Microsoft, others hit back at Google for privacy hack
By Hayley Tsukayama,
After news broke that Google has been using code to circumvent Apple privacy settings on the Safari browser to serve personalized ads to its account holders, Microsoft took the opportunity to gleefully point out the privacy features in its Internet Explorer browser.
“Apparently, Google has been able to track users of Apple’s Safari browser while they surf the web on their Apple iPhones, iPads and Macs,” wrote Ryan Gavin, Microsoft’s general manager for Internet Explorer Business and Marketing in a company blog post. “This type of tracking by Google is not new. The novelty here is that Google apparently circumvented the privacy protections built into Apple’s Safari browser in a deliberate, and ultimately, successful fashion.”
As for this latest incident, in a statement given to The Washington Post, Google spokeswoman Rachel Whetstone said that the company was simply using a “known Safari functionality” that allowed the company to serve Safari users personalized ads when they were logged-in to Google services.

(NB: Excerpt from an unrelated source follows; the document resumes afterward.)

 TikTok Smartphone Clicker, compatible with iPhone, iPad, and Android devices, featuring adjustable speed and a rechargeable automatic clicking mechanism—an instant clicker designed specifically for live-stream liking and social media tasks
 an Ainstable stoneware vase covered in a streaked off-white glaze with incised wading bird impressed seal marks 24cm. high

Safari, by default, only accepts cookies from sites that it visits directly. In order to be able to serve ads from its DoubleClick network on Google pages — adding the functionality to, for example, use the +1 button — Google used some code to make Safari think users visited DoubleClick directly and had filled out a form. But Google’s small modification also made it possible for other cookies from DoubleClick to make it onto users’ machines, prompting Google to begin removing the advertising cookies.

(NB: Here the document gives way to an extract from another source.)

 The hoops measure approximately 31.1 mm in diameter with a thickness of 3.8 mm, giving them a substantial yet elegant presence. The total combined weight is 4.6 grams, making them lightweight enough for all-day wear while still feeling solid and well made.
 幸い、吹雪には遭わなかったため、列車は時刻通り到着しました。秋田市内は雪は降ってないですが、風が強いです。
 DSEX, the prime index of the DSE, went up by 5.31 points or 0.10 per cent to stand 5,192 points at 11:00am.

Whetstone said that information passing between Safari and Google’s servers was not linked to personal information and that Google was not collecting personal information with these cookies.
Privacy advocates also criticized Google. The Electronic Frontier Foundation said Friday that Google’s actions are a prime example of why the U.S. needs “Do Not Track” options, which would prevent advertisers from attaching cookies to users’ machines. The digital rights non-profit called on Google to add “Do Not Track” to its existing opt-out mechanisms for advertising and analytics.

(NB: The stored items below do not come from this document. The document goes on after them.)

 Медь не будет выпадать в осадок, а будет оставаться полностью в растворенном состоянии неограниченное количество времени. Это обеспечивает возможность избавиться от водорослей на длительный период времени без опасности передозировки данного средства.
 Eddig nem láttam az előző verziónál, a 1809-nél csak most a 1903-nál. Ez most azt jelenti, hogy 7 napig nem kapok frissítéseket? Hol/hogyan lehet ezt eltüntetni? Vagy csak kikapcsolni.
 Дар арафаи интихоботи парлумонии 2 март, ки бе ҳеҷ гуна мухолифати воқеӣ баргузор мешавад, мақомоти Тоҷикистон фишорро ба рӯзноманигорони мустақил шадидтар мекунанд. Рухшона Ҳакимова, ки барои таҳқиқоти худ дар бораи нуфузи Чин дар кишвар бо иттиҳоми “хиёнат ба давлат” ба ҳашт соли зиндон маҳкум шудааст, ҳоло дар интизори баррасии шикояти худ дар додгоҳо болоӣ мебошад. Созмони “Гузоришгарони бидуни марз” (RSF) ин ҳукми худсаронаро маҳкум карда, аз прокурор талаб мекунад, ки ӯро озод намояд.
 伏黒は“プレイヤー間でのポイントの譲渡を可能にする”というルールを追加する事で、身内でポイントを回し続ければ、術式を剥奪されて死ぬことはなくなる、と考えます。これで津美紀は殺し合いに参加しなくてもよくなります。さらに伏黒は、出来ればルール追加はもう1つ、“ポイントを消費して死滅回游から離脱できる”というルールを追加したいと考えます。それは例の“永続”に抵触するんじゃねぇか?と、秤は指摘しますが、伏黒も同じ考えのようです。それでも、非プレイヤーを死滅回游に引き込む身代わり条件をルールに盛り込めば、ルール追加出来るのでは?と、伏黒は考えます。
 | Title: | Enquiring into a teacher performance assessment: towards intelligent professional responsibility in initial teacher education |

Other groups asked how the workaround got through Google’s design process. Justin Brookman, the Center for Democracy and Technology's director of consumer privacy said in a statement, “We are severely disappointed that Google and others choose to place tracking cookies on Safari browsers using invisible form submission. While we take Google’s assertion at face value that it was not their intent to track users in this way, we are perplexed how this decision evaded Google’s internal design and review process. After a several recent missteps--and two new reboots on privacy-by-design--this should never have happened.”